Orkan "Friederike" Eine halbe Milliarde Euro Schäden

Stand: 19.01.2018 17:00 Uhr

Nach "Friederike" hat sich die Lage weitgehend normalisiert, in vielen Wäldern besteht aber Lebensgefahr. Die Versicherer gehen von rund 500 Millionen Euro Schäden aus. Acht Menschen verloren ihr Leben.

"Friederike" gilt als der schwerste Sturm in Deutschland seit "Kyrill", der auf den Tag genau elf Jahre zuvor über das Land hinweggefegt ist. In Nordrhein-Westfalen, Thüringen, Sachsen-Anhalt, Mecklenburg-Vorpommern und Brandenburg starben mindestens acht Menschen, darunter zwei Feuerwehrleute.

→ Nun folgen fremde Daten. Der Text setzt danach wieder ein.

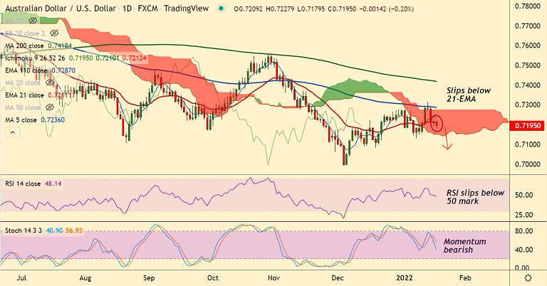 Technical bias is bearish. Price action has failed to hold break above daily cloud, the pair has slipped below 21-EMA.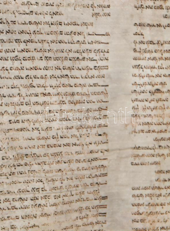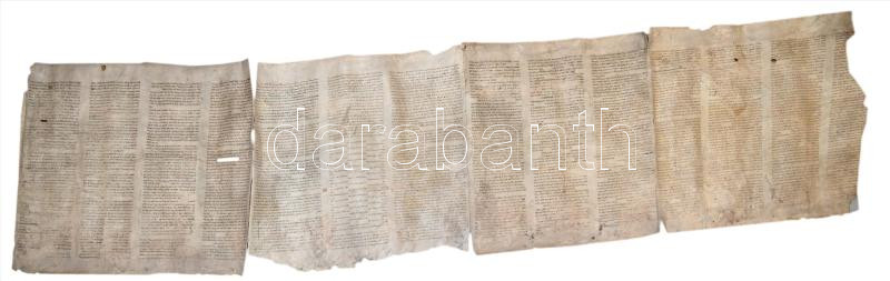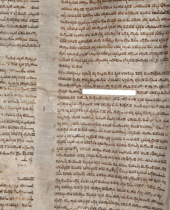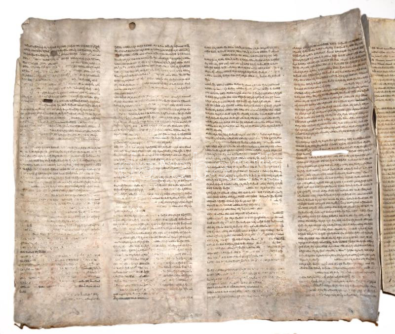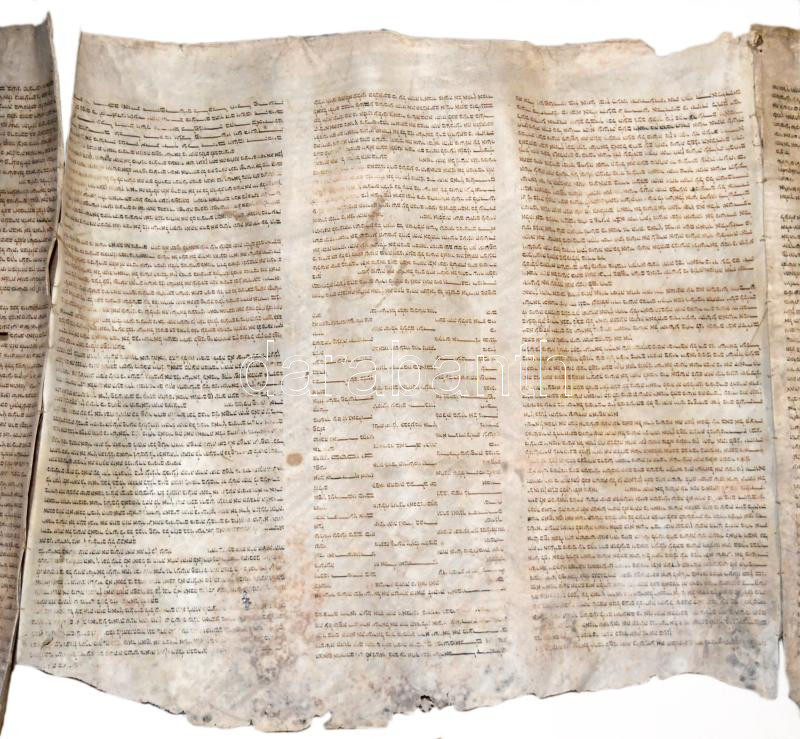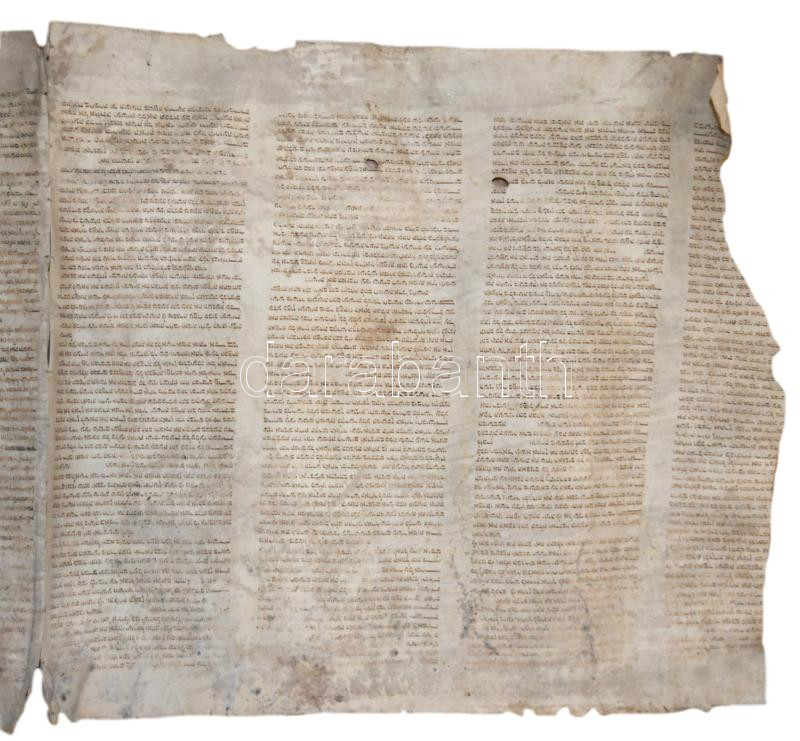 Régi Tóra tekercs töredéke, pergamen, hiányos, sérült, foltos, penészes, cca 54x230 cm.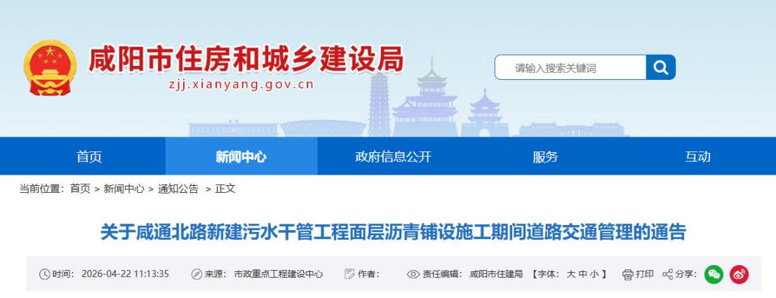 4月22日,咸阳市住房和城乡建设局、咸阳市公安局交通管理支队联合发布通告,4月25日至30日将对咸通北路(文林西路—玉泉路段)进行路面沥青铺设施工,工期6天。施工期间,该路段西半幅由北向南方向机动车道将实施封闭。

Nach ersten Schätzungen der Versicherer hat der Orkan Schäden von rund 500 Millionen Euro verursacht. Der Gesamtverband der Deutschen Versicherungswirtschaft (GDV) will in den kommenden Tagen eine genaue Schadenssumme nennen. Mit den geschätzten Schäden von gut einer halben Milliarde Euro liegt "Friederike" aber noch deutlich unter "Kyrill", der 2007 mehr als zwei Milliarden Euro Schäden hinterließ. Die Stürme "Lothar" von 1999 und "Jeanett" von 2002 hatten 800 Millionen beziehungsweise 760 Millionen Euro Schäden verursacht.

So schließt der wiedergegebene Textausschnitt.